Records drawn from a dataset

************

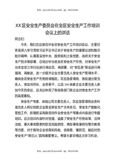 XX区安全生产委员会在全区安全生产工作培训会议上的讲话.docx
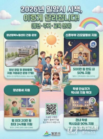 [경기뉴스원/경기뉴스1] | 밀양시는 청년들이 지역에 안정적으로 뿌리 내리고 미래를 설계할 수 있도록 주거와 교육, 문화가 어우러진 ‘청년 친화 도시’ 조성에 행정력을 집중한다. 2026년 청년 정책의 핵심은 청년들의 거점 공간 마련과 안정적인 주거 사다리를 구축하는 것이다.
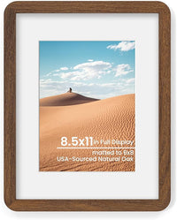 8.5x11 Round Corner Picture Frame, Solid Oak Wood Frame Matted For 6x8 With Plexiglass, Hanging Hardware Included For Tabletop Or Wall Display Frame, Walnut, 1 Pack
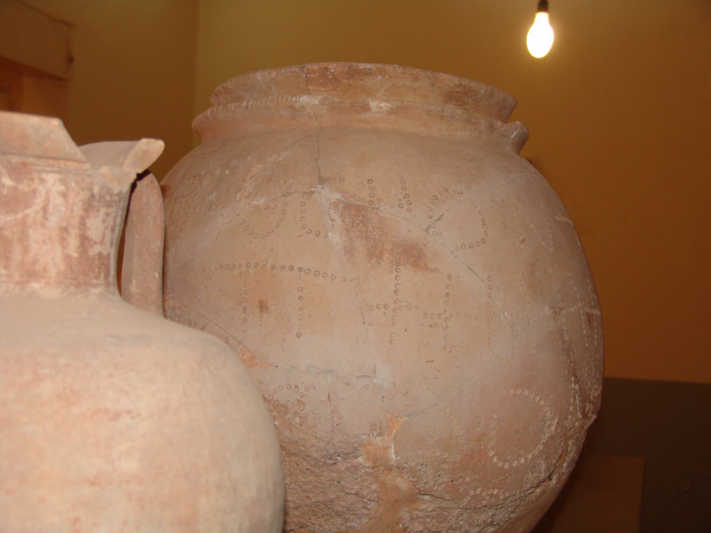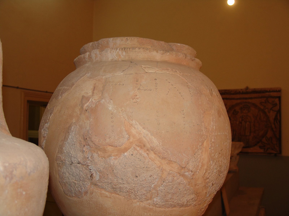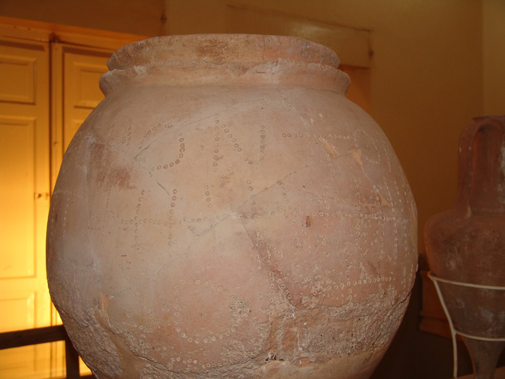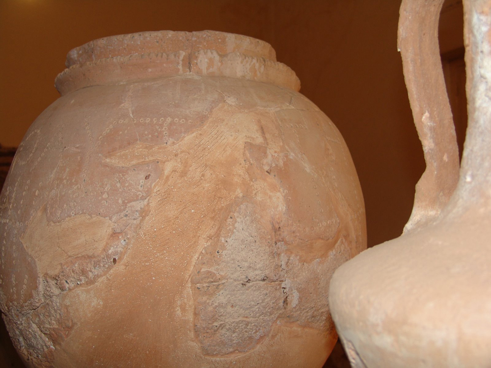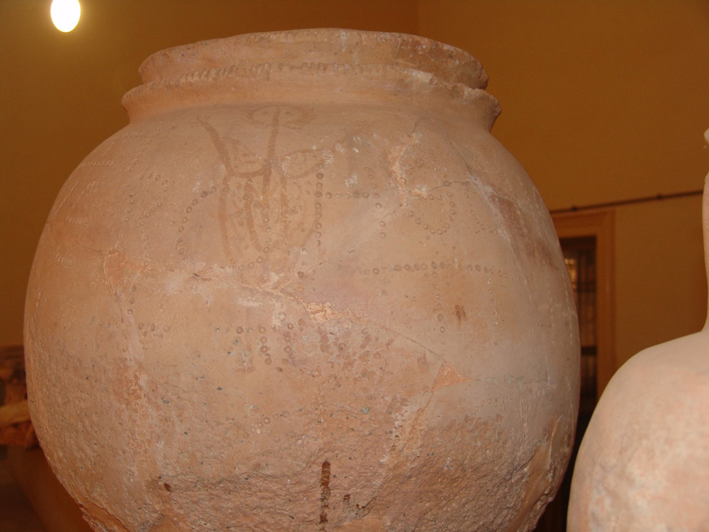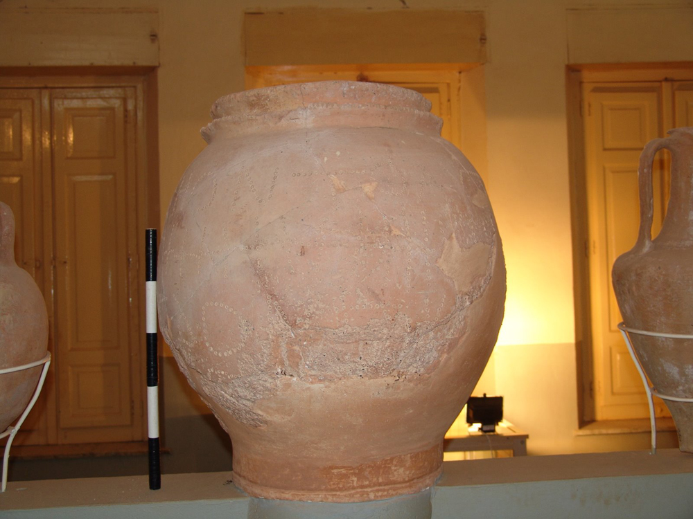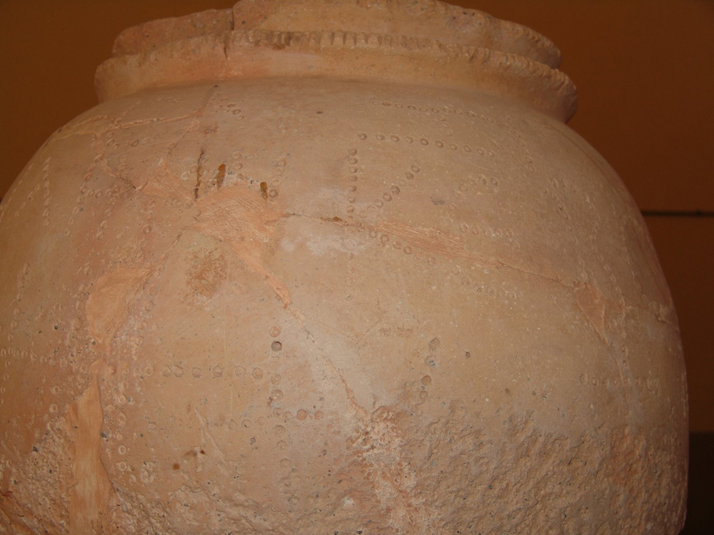 Text: Stamped, a. on the rim; b. on the belly. A crude figure with arms outstretched has been drawn in
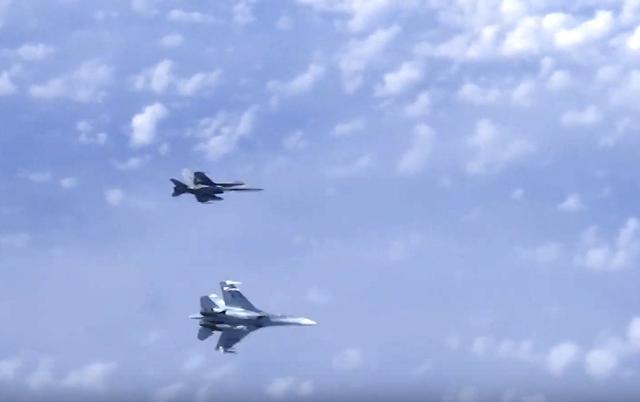 这张俄罗斯国防部新闻局提供的照片显示,2019年8月13日,在波罗的海上空,一架苏-27战机(下)驱离一架北约F-18战机(上)。图源:新华社

************

When you repeat the data, keep every line exact and drop the images.

 XX区安全生产委员会在全区安全生产工作培训会议上的讲话.docx
 [경기뉴스원/경기뉴스1] | 밀양시는 청년들이 지역에 안정적으로 뿌리 내리고 미래를 설계할 수 있도록 주거와 교육, 문화가 어우러진 ‘청년 친화 도시’ 조성에 행정력을 집중한다. 2026년 청년 정책의 핵심은 청년들의 거점 공간 마련과 안정적인 주거 사다리를 구축하는 것이다.
 8.5x11 Round Corner Picture Frame, Solid Oak Wood Frame Matted For 6x8 With Plexiglass, Hanging Hardware Included For Tabletop Or Wall Display Frame, Walnut, 1 Pack
 Text: Stamped, a. on the rim; b. on the belly. A crude figure with arms outstretched has been drawn in
 这张俄罗斯国防部新闻局提供的照片显示,2019年8月13日,在波罗的海上空,一架苏-27战机(下)驱离一架北约F-18战机(上)。图源:新华社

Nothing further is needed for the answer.